[Information provided]:
********
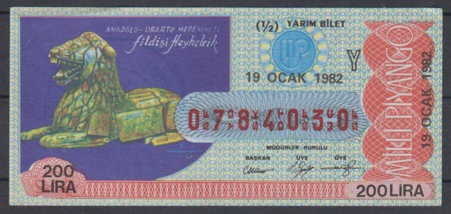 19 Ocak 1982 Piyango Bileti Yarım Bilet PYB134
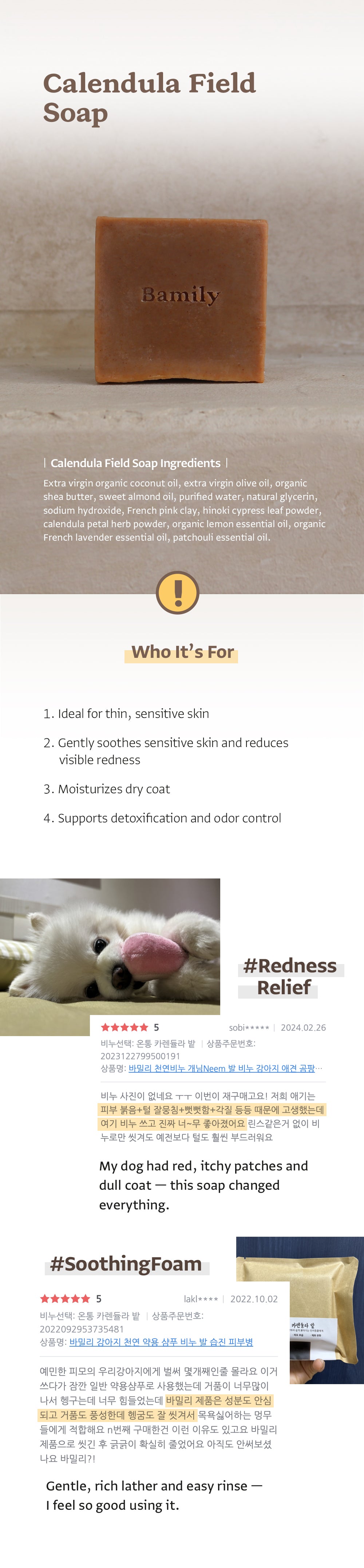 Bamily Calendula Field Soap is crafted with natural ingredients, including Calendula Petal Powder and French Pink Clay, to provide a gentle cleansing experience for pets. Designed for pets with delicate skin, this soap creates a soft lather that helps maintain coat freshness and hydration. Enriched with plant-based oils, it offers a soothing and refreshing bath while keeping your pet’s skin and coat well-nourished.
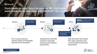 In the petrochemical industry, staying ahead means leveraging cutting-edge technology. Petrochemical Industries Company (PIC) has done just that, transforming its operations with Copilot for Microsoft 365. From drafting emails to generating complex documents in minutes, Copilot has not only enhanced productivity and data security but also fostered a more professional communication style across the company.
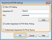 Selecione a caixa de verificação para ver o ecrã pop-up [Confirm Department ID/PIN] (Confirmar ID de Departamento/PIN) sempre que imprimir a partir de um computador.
********
Repeat the material above exactly; pictures do not belong in the copy.

[Task output]:
 19 Ocak 1982 Piyango Bileti Yarım Bilet PYB134
 Bamily Calendula Field Soap is crafted with natural ingredients, including Calendula Petal Powder and French Pink Clay, to provide a gentle cleansing experience for pets. Designed for pets with delicate skin, this soap creates a soft lather that helps maintain coat freshness and hydration. Enriched with plant-based oils, it offers a soothing and refreshing bath while keeping your pet’s skin and coat well-nourished.
 In the petrochemical industry, staying ahead means leveraging cutting-edge technology. Petrochemical Industries Company (PIC) has done just that, transforming its operations with Copilot for Microsoft 365. From drafting emails to generating complex documents in minutes, Copilot has not only enhanced productivity and data security but also fostered a more professional communication style across the company.
 Selecione a caixa de verificação para ver o ecrã pop-up [Confirm Department ID/PIN] (Confirmar ID de Departamento/PIN) sempre que imprimir a partir de um computador.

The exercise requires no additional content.